Analysis

To find interesting signals in the ether, a spot of listening is now in order. The command I used previously for listening to the radio delivers noise on other frequencies if nothing is transmitting. Digital signals sound different from noise and thus provide input for further analysis. (Keep in mind that some jurisdictions limit the frequency ranges authorized for casual listening and might prohibit intercepting police and emergency broadcasts.)

To scan larger frequency ranges, you will need a program like Gqrx [4], which offers a practical front end, visually processing the data to create line and waterfall charts (Figure 2).

Figure 2: Representing frequency data with Gqrx.

And Now for the Weather

Because the right frequency is printed on my weather station, luckily, there was no need to search. When I set the frequency to 868MHz, I could hear pops every few seconds; I recorded and then analyzed these transmissions with the Audacity audio editor. Importing the data resulted in the test image from Figure 3.

Figure 3: Zooming in on one of the peaks in the data with Audacity revealed the chart shown in Figure 4.

Figure 4: Use a script to decode the bit pattern shown in Audacity.

In fact, the magnified view revealed a pattern. I now had to decode the signal in order to read the data (temperature and humidity). An Internet search showed that someone had already done this work [5] [6].

Christophe Jacquet's pydemod package assumes a 16-bit preamble, consisting of 1010101010101010. Following this, a sensor (see the Pydemod website [7]) sends 17200 baud signal using on-off keying. For a rising curve, as shown of Figure 5, 1 is transmitted, while a 0 is sent for a drop. To discover whether the values are rising, evaluate the ratio of the numerical values of the samples compared with the baud rate.

Figure 5: Finally, the correctly demodulated signal.

My initial tests, which evaluated data from rtl_fm using decode_tfa.py [8], remained inconclusive. Unfortunately, Christophe's records did not indicate how he called rtl_fm to obtain the raw data for the analysis. Also, the screenshot of the received data in his blog looked very different from mine.

Luckily, Christophe helped me out and expanded his script so that it also works with the data from my weather sensor. We discovered the following problems:

• My samples were created with the wrong modulation method. The transmitter modulates the amplitude not the frequency. It is therefore necessary to run rtl_fm with the -M parameter.
• My transmitter sends the data at 9600 instead of 17200 baud.
• The data preamble was not 1010101010101010, but 101010101010101010101010, so it was actually 24 bits instead of 16.

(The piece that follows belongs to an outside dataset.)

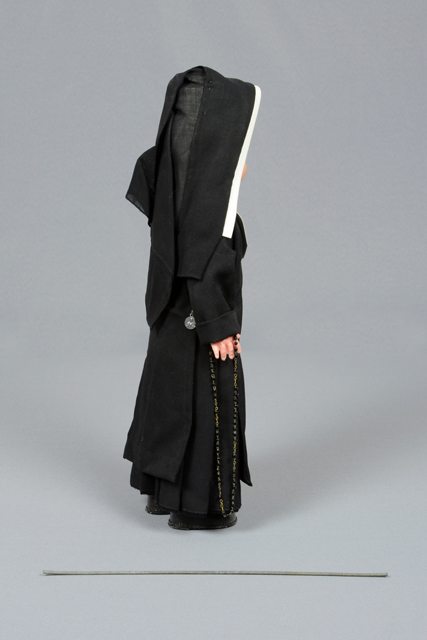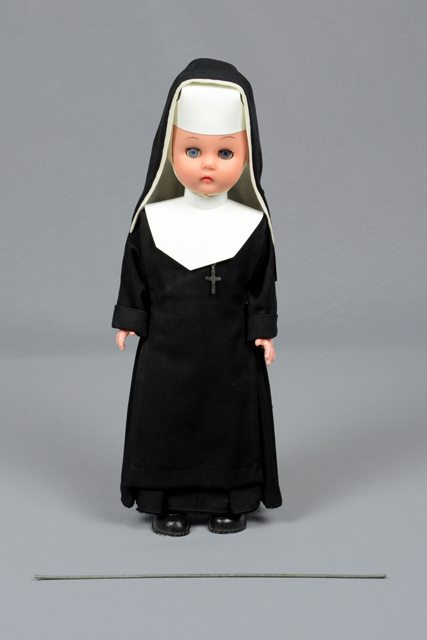 Poupée vêtue d’un costume de religieuse composé d’une robe noire avec un voile noir et d’une cornette blanche et d’un chapelet attaché à la taille. La poupée a des souliers noirs. Les lèvres sont roses et ses yeux bleus. Les yeux se ferment lorsque la poupée est couchée. Une tige de métal presque aussi grande que la poupée est associée à l’objet. La robe est épinglée à certains endroits.

I found another difference between my test system and Christophe's data: His radio reception system, a FUNcube dongle, supplied the data in big-endian format; the DVB-T stick used in my test, however, used little-endian format. Christophe had to adjust the section code that transforms the raw samples to numbers for further processing.

The temperature coding remained the same in both scenarios. Three nibbles (4 bits) encode a temperature digit in BCD (Binary Coded Decimal), where the third digit shows tenths of a degree. My temperature sensor added 40 to the temperature reading, presumably to handle degrees below zero. The next 8 bits then encode the humidity.

The first version of the script also assumed that the input was a WAV file that contained exactly the bits with the information and no noise. The script, which Christophe has now significantly revised and expanded, includes a few more new features, such as:

• It detects a data peak when the numerical value of the sample exceeds a limit. This currently limit is set to 4000, but you can change it – depending on the transmitter output.
• The data can also be present in raw mode, that is, without a WAV header, but at the moment, the rate must be 160,000 per second.
• The length of the preamble is managed by a separate parameter.
• You can adjust the baud rate for the data transfer.

The following call generates a stream of temperature measurements:

rtl_fm -M -f 868.4M -s 160k - | python decode_tfa.py --raw - --bitrate 9600 --synclen 24

Listing 3 shows the output from the command. From time to time, the measurement data is faulty. You can detect a problem because a checksum is included, and its expected value and determined value are output. If the expected and determined values deviate from each other, a measurement error has occurred. Extreme temperature jumps are actually impossible; however, two measurements can differ by more than 1 degree Celsius.

In practical tests, we found that the antenna should not be too far from the receiver. Even at a distance of 5 meters, the peak value dropped significantly in my tests. If the value is too close to the noise, the script cannot detect the beginning of the data.

The Python script outputs the minimum, maximum, and average values at runtime. However, in a practice test, it happened again and again that the deflection returned by the stick was too weak. This problem might be due to automatic signal amplification. You can either fix the value using the -g value parameter or unplug the stick and plug it back into the computer.

Easy Weather

With very little financial outlay and, ultimately, very little software, you can solve the problem of reading data from a weather station and converting into a digitally processable format. The base station of my test device also receives data with weather and pollen forecasts via the legacy pager network. You can receive and decode this pager data using the multimode-ng tool. The pager data is sent in plain text, but the string encoding is still undocumented.

A big thank you goes to Christophe Jacquet for the modifications to his script that allowed for real-time streaming.